Real-world problems have real-world problems. That is, problems that arise in the real world tend to present researchers with problems like missing values, outliers, contradictory labels, useless variables, missing variables, special cases, and so on. Part of the motivation for creating benchmarks is to make it easier for authors to try out multiple problems without dealing with all of these issues, which often seem mundane compared to the central goals of GP. A second motivation is to ensure that differences in pre-processing (e.g. removing some unneeded variables) do not make one GP method falsely appear better than another. Archetti et al. were in favour of this point of view, as they argued that the Bioavailability problem touched on too many of these issues, and ended up being too hard. They implicitly argued that the best benchmarks are in the “large important differences” area of Figure 1, below.
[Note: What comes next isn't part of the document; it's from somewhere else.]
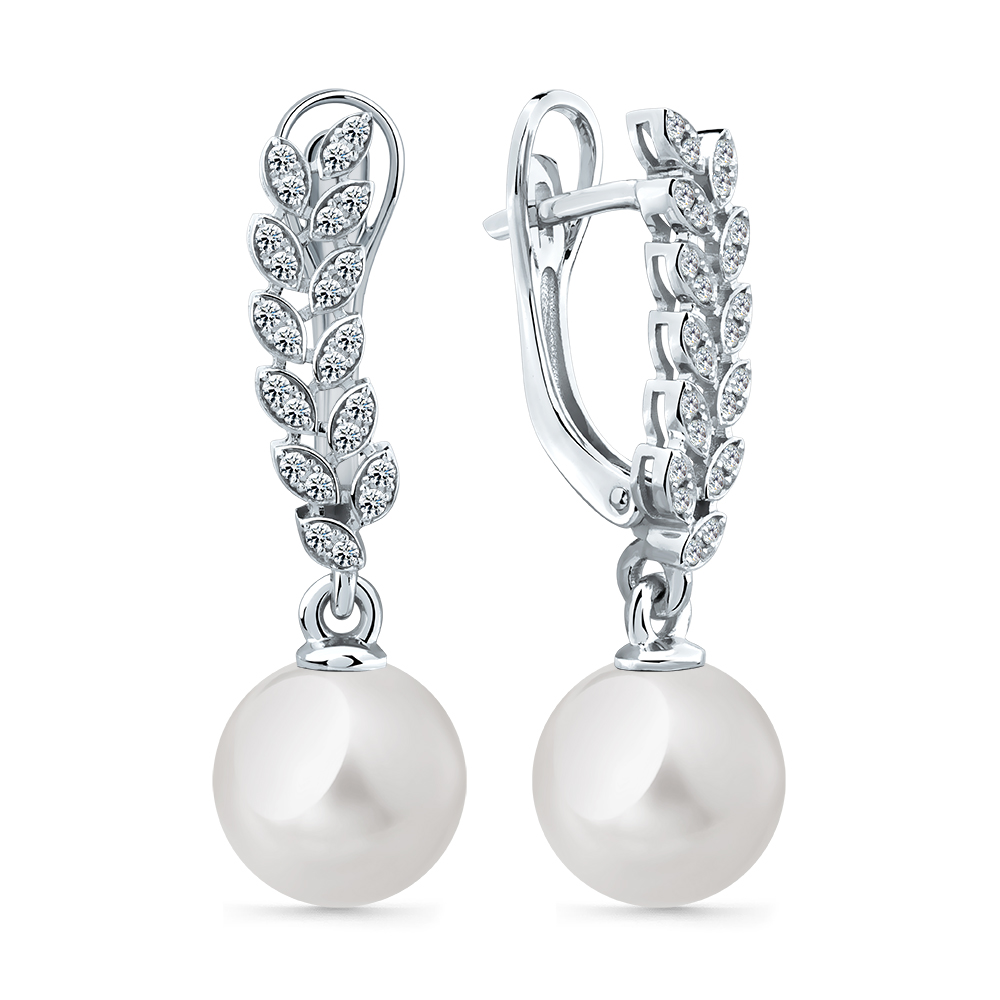 Серьги со вставками жемчуг культивированный, бриллиант арт. 2-209334-00-28

However, we also want to avoid a mismatch between our benchmark problems and real-world problems. Why are we “taming” or “sanitising” our benchmarks? We may resolve this tension by seeing that only a few researchers expect GP to become a “turn-key” solution and deal with all of these real-world issues, as opposed to removing them in pre-processing. This few is not none! It is an interesting and valid research area. For researchers who want GP to work robustly in the presence of such issues, of course benchmarks which include these issues are required. And some ML datasets, for example in SRBench, already contain such issues.

Looking forward

Sometimes benchmarks and benchmark suites grow organically, as multiple authors working in an area try their methods on each others’ real-world problems and gradually standardise. But proposing good benchmark suites seems to be recognised by the community as a contribution, so authors have an incentive to do this more deliberately. 

It seems unlikely that a benchmark suite will be proposed which covers many GP areas and achieves wide acceptance. The issues and methods are just too different between different application areas (e.g., symbolic regression versus program synthesis). Instead we see benchmark suites focussed on specific areas. Some such suites have emerged in the past 10 years, as we have seen in the previous section. Are there other areas where researchers are currently using GP but lack an adequate benchmark suite? We can mention at least two possibilities as follows.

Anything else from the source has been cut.